According to Business Dictionary “Conglomerate Diversification is a type of diversification whereby a firm enters, through acquisition or merger, an entirely different market that has little or no synergy with its core business or technology”.
Conglomerate diversification helps in strengthening the internal structure of a company and it is an essential form of diversification.
Based on the financial position, conglomerate diversification helps in evaluating the company`s portfolio. Here, the newly developed products are not directly related with existing technologies, markets and the products. This is more related to the financial condition and stability of the company.
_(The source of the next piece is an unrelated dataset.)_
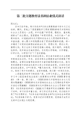 第二批主题教育读书班结业仪式讲话同志们:自9月份开始,两个阶段共*天的主题教育读书班今天正式结班。期间,系统上下紧紧围绕学习贯彻XXX新时代中国特色社会主义思想这一主题,牢牢把握学思想、强党性、重实践、建新功的总要求,紧紧围绕学思用贯通、知信行统一的根本任务,对XXX新时代中国特色社会主义思想的科学体系、丰富内涵、核心要义和实践要求有了更深的理解和把握,进一步增进了对党的创新理论的政治认同、思想认同、理论认同、情感认同,真正达到了用新思想凝心铸魂,提升境界,加强党性修养,筑牢政治忠诚的目的,为实现以学铸魂、以学增智、以学正风、以学促干打下了坚实基础。一是突出紧随看齐的政治要求。举办读书班是这次主题教育的规定性动作,中央、省委对举办主题教育读书班都做了明确要求,省委巡回督导组将其作为督促指导的重点内容。我们秉承紧跟看齐的政治态度和立说立行的政治自觉,以实际行动落实政治要求,分*个阶段、*整天的时间,开展了集中学习研讨,做到了党中央有要求、省委有部署,我们第一时间见行动。二是强化系统学习的深度广度。在学习内容上,党委理论学习中心组坚持系统全面深入的原原本本研读《XXX著作选读》(第一卷、第二卷)、《XXX新时代中国特色社会主义思想专题摘编》《XXX新时代中国特色社会主义思想的世界观和方法论专题摘编》《XXX新时代中国特色社会主义思想学习纲要》《论党的自我革命》《XXX关于调查研究论述摘编》等学习材料,学习内容丰富全面。学习形式灵活多样,先后组织开展了*次专题研讨、*次参与读书班报告会和*次应知应会知识测试;*次安排集中学习;党委书记讲专题党课、党委班子成员及支部书记分别上专题党课。三是体现求真务实的优良作风。同志们都非常重视和珍惜这次读书班,党委理论学习中心组以身作则,率先垂范,在工作非常繁忙的情况下,始终以饱满的政治热情和良好的精神状态,积极克服时间紧、任务重的工学矛盾,认真学习体悟、深入交流研讨,沉下心来认真学习、深入思考,形成了良好的学习氛围,保障了学习时间和学习效果,展现了求真务实的优良学风。四是彰显学用结合的高度自觉。通过举办读书班,达到了学有所获、学以致用的效果。补足了精神之钙,对XXX新时代中国特色社会主义思想有了更加深刻的认识。提高了政治站位,对坚定理想信念、坚持人民立场等进行了深查细照,进一步坚定了对马克思主义的信仰,进一步加深了对两个确立的决定性意义的理解,核心意识更强了。强化了责任担当,直面高质量发展中的短板和弱项,坚持问题导向,深入调查研究,推动建章立制,体现出了责任和担当,展现出了决心和信心。这次主题教育不划阶段、不分环节,读书班只是一个良好的开端,读书班虽告一段落,但是学习教育永运在路上。下一步,系统上下将继续围绕教育和实践,找准结合点,狠抓关键点,全力推动事业高质量发展蹄疾步稳。一是要从XXX新时代中国特色社会主义思想中找遵循,在学思践悟中感悟真理力量。XXX新时代中国特色社会主义思想的世界观、方法论,蕴含着人民至上的政治立场,蕴含着从中国基本国情出发的重大原则,蕴含着自我革命的强烈政治担当,体现了价值取向和发展动力的辩证统一,体现了尊重实际和发扬历史主动的辩证统一,体现了守正固本和创新发展的辩证统一。系统上下务必坚持常学常新、久久为功,全面掌握XXX新时代中国特色社会主义思想的世界观、方法论和贯穿其中的立场观点方法,深刻理解认识六个必须坚持彰显的科学性和真理性、人民性和实践性、开放性和时代性,做到知其然更知其所以然,知其言更知其义、知其道更行其道,力求以学懂促深化、以弄通促内化、以做实促转化,以强化理论学习指导发展实践,以深化调查研究推动解决发展难题,用主题教育的真理之光照亮事业发展的奋进之路。二是要从XXX新时代中国特色社会主义思想中找方向,在知行合一中做到融会贯通。学而不思则罔。思考是学习的灵魂,是理论联系实际的桥梁纽带。必须要把学习成果转化为对奋斗目标的执着追求、对本职工作的不懈进取、对高尚情操的笃定坚持、对艰难险阻的勇于担当,全力以赴推动XXX新时代中国特色社会主义思想和党的XX大精神落地生根、开花结果。要将学习成效体现到以学铸魂上,聚焦解决思想根子问题,坚持不懈用党的创新理论成果凝心铸魂,不断筑牢信仰之基、补足精神之钙、把稳思想之舵,提高政治判断力、政治领悟力、政治执行力,衷心拥护两个确立,忠诚践行两个维护,确保在政治立场、政治方向、政治原则、政治道路上同以XXX同志为核心的党中央保持高度一致。要将学习成效体现到以学增智上,从党的科学理论中悟规律、明方向、学方法、增智慧,把看家本领、兴党本领、强国本领学到手,聚焦队伍建设任重道远、高水平安全筚路蓝缕、高质量发展刻不容缓、基本建设蓄势待发、民生保障持续攀升等当前工作中存在的突出矛盾,推动党员干部提高知重

When two or more than two corporations are involved in different set of business in a single corporation structure, it is termed as conglomerate. These are large and huge companies. As always there are advantages and disadvantages in conglomerate diversification.
The core area of conglomerate diversification is to analyze the present financial position, compare it with the past financial performance, and to generate effective future outcomes. If the financials are healthy, the outcomes will be potentially good. Therefore, it is imperative to create a healthy and positive financials in order to create a better outcome.
So many firms or businesses follow different strategies or a set of diversifications to be stable and strong to cater to consumer needs and demands.
Conglomerate diversification is an opposite of concentric diversification, and its focus is on financials and keep them evaluating to improve the financial position of the company.
Philip Morris is a Conglomerate . This is a well known company which is also known as the parent company of Altria group.